At this point, you've done very little that feels new, revolutionary, or asynchronous. Granted, that little keyword "true" in the open() method sets up an asynchronous request. But other than that, this code resembles programming with Java servlets and JSPs, PHP, or Perl. So what's the big secret to Ajax and Web 2.0? The secret revolves around a simple property of XMLHttpRequest called onreadystatechange. First, be sure you understand the process that you created in this code (review Listing 10 if you need to). A request is set up and then made. Additionally, because this is a synchronous request, the JavaScript method (getCustomerInfo() in the example) will not wait for the server. So the code will continue; in this case, that means that the method will exit and control will return to the form. Users can keep entering information and the application isn't going to wait on the server. This creates an interesting question, though: What happens when the server has finished processing the request? The answer, at least as the code stands right now, is nothing! Obviously, that's not good, so the server needs to have some type of instruction on what to do when it's finished processing the request sent to it by XMLHttpRequest. This is where that onreadystatechange property comes into play. This property allows you to specify a callback method. A callback allows the server to (can you guess?) call back into your Web page's code. It gives a degree of control to the server, as well; when the server finishes a request, it looks in the XMLHttpRequest object and specifically at the onreadystatechange property. Whatever method is specified by that property is then invoked. It's a callback because the server initiates calling back into the Web page -- regardless of what is going in the Web page itself. For example, it might call this method while the user is sitting in her chair, not touching the keyboard; however, it might also call the method while the user is typing, moving the mouse, scrolling, clicking a button ... it doesn't matter what the user is doing. This is actually where the asynchronicity comes into play: The user operates the form on one level while on another level, the server answers a request and then fires off the callback method indicated by the onreadystatechange property. So you need to specify that method in your code as shown in Listing 11.

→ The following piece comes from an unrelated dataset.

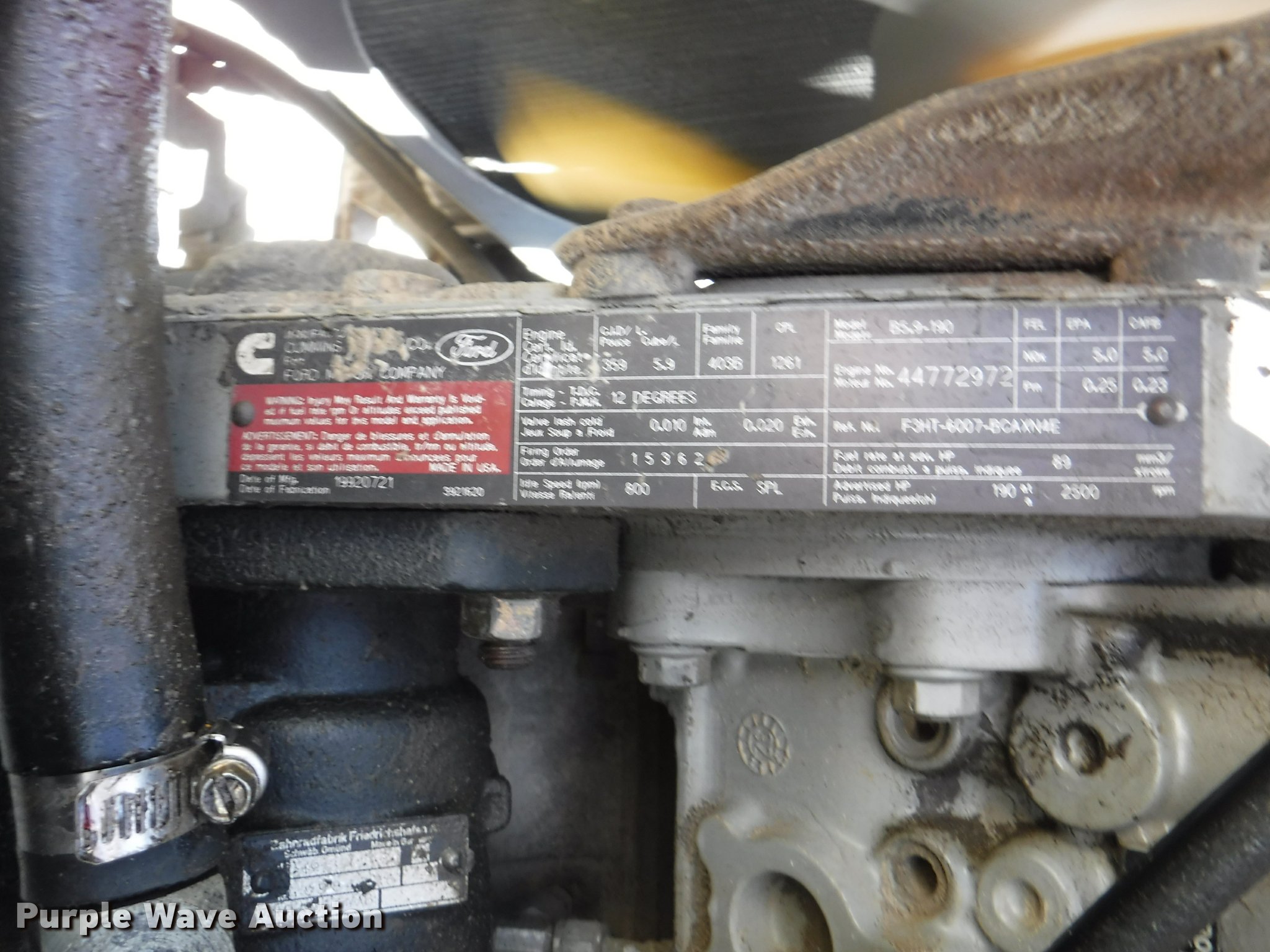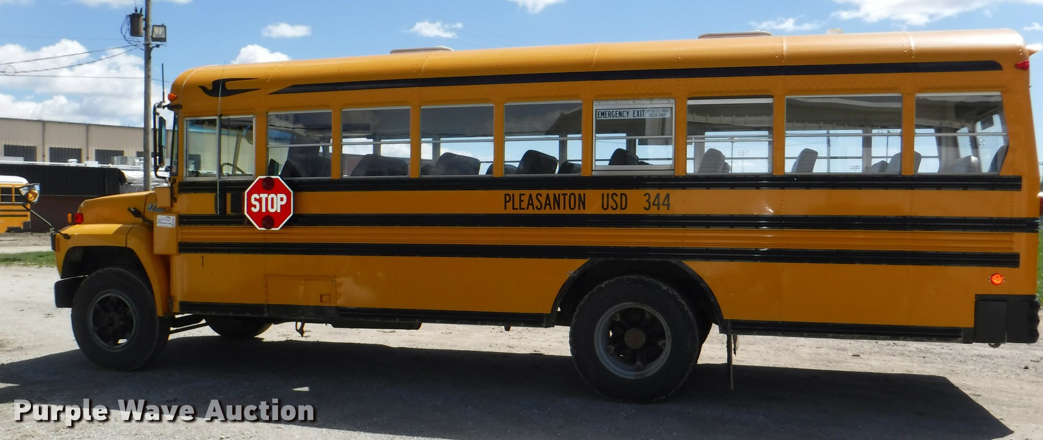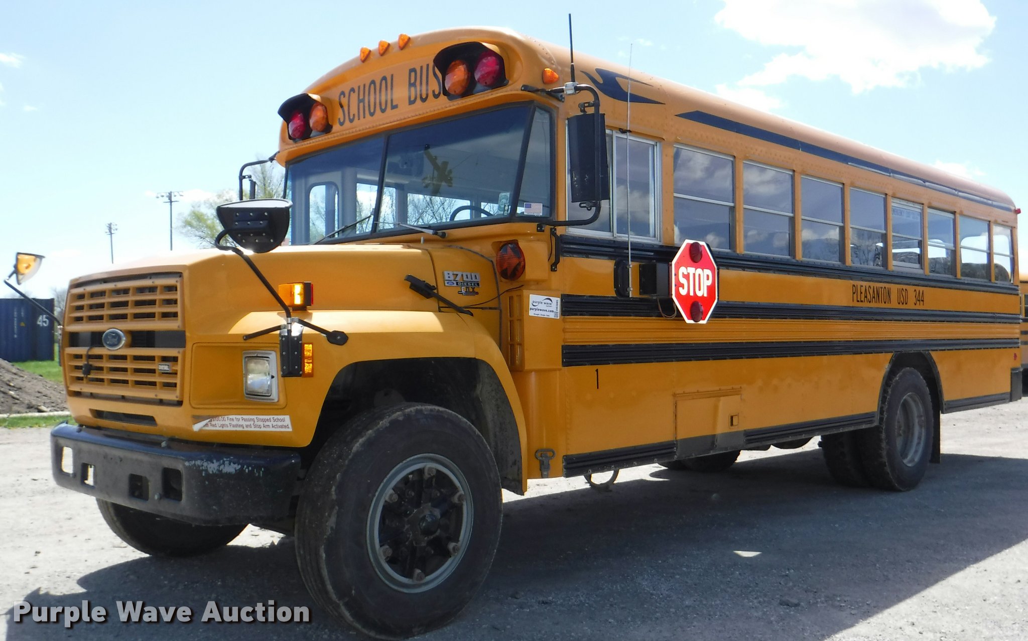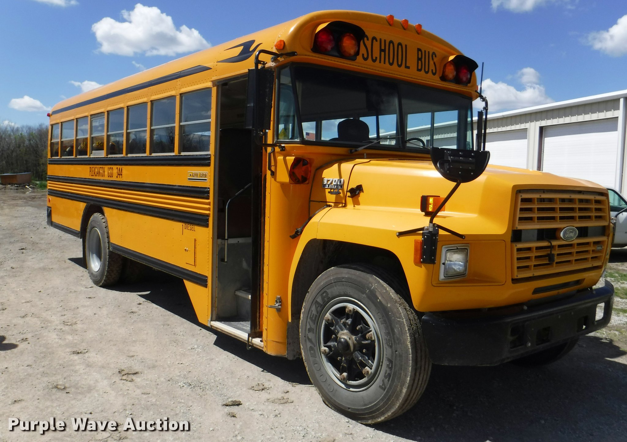 Purple Wave is selling a used Bus in Kansas. This item is a 1993 Ford B700 schoolbus with the following: 126,109 miles on odometer, Cummins ISB 5.9L L6 turbo diesel engine, Serial 44772972, Automatic transmission, Single axle, Heat, AM/FM, Heated mirrors, Suspension seat, Vinyl interior, 47 passenger capacity, Ceiling, rear, and side emergency egress, Lighted stop sign, Block heater, Front and rear tow hooks, 172" wheelbase, Spring suspension, Hydraulic brakes, 10R22.5 tires, Decals will be painted over prior to auction

Pay close attention to where in the code this property is set -- it's before send() is called. You must set this property before the request is sent, so the server can look up the property when it finishes answering a request. All that's left now is to code the updatePage() which is the focus of the last section in this article.
You made your request, your user is happily working in the Web form (while the server handles the request), and now the server finishes up handling the request. The server looks at the onreadystatechange property and figures out what method to call. Once that occurs, you can think of your application as any other app, asynchronous or not. In other words, you don't have to take any special action writing methods that respond to the server; just change the form, take the user to another URL, or do whatever else you need to in response to the server. In this section, we'll focus on responding to the server and then taking a typical action -- changing on the fly part of the form the user sees. You've already seen how to let the server know what to do when it's finished: Set the onreadystatechange property of the XMLHttpRequest object to the name of the function to run. Then, when the server has processed the request, it will automatically call that function. You also don't need to worry about any parameters to that method. You'll start with a simple method like in Listing 12.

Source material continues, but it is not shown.